Beginning at the line that contains "在采样监测种类上,包括三文鱼", reproduce the entries below exactly, ending with the line that contains "カーフ、スエード、プレシャス". Omit each picture.

§ **INPUT MATERIAL**:
+++++
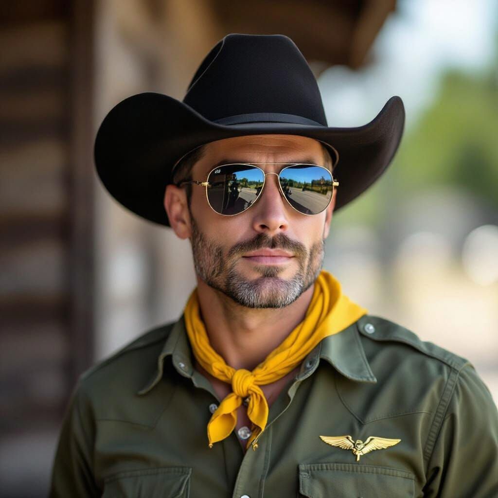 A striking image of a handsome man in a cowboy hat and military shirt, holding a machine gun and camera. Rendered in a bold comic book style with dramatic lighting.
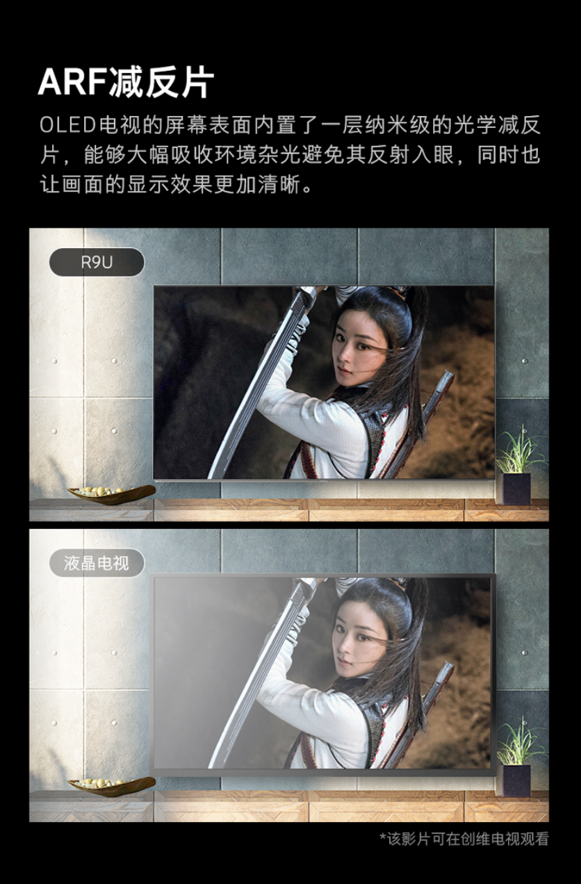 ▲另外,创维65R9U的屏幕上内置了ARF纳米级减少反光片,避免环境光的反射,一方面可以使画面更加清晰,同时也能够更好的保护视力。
+++++
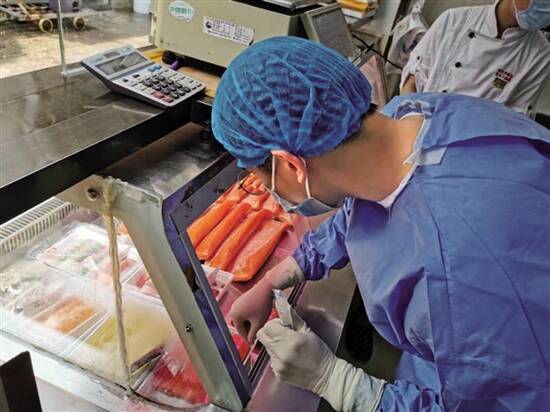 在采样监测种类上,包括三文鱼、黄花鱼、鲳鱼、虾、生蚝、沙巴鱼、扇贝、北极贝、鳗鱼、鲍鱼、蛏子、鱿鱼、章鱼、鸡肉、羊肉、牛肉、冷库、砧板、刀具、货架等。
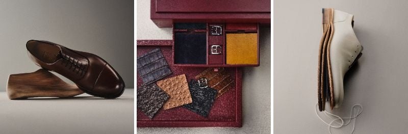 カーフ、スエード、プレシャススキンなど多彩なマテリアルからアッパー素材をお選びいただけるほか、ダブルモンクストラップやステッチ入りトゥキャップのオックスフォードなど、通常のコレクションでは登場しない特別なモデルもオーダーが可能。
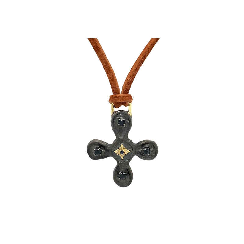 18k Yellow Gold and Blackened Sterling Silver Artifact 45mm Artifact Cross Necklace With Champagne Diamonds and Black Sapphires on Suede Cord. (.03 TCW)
+++++
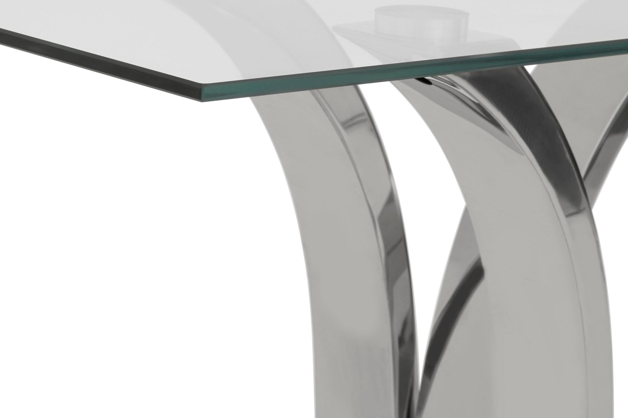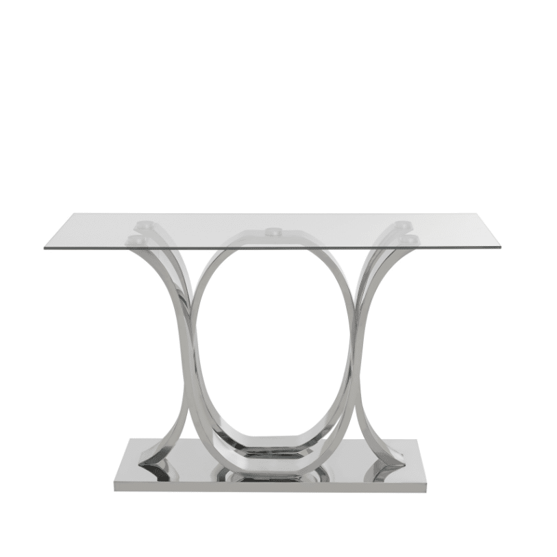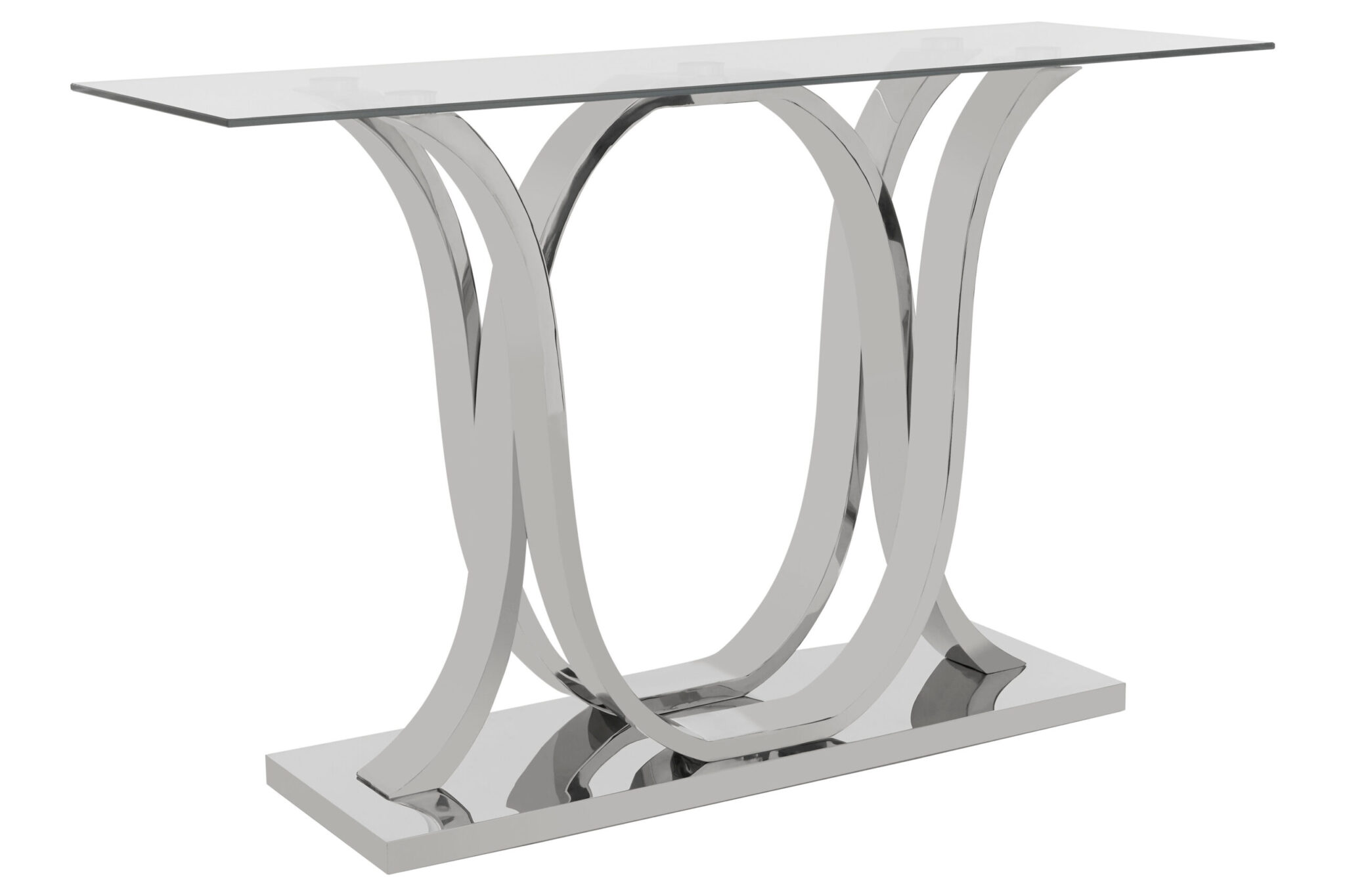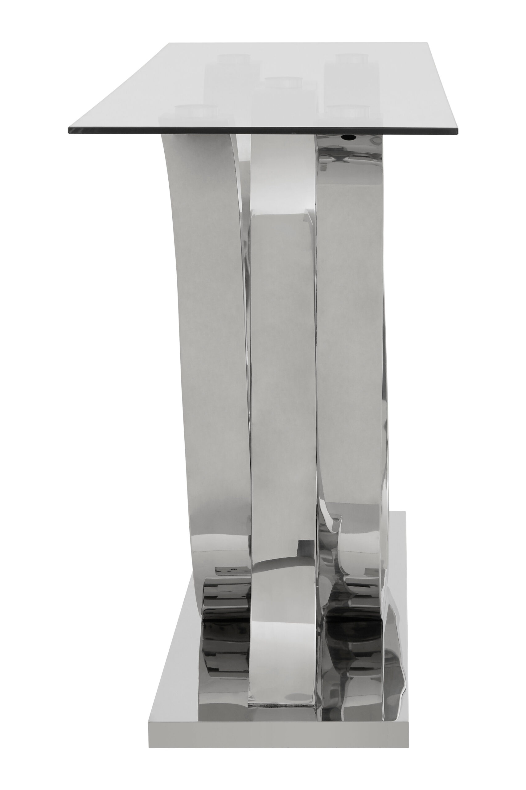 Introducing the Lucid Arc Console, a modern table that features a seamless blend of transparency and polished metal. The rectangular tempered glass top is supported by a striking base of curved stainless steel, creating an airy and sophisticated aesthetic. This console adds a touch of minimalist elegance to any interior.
+++++
§ **ANSWER TO THE EXERCISE**:
 在采样监测种类上,包括三文鱼、黄花鱼、鲳鱼、虾、生蚝、沙巴鱼、扇贝、北极贝、鳗鱼、鲍鱼、蛏子、鱿鱼、章鱼、鸡肉、羊肉、牛肉、冷库、砧板、刀具、货架等。
 カーフ、スエード、プレシャススキンなど多彩なマテリアルからアッパー素材をお選びいただけるほか、ダブルモンクストラップやステッチ入りトゥキャップのオックスフォードなど、通常のコレクションでは登場しない特別なモデルもオーダーが可能。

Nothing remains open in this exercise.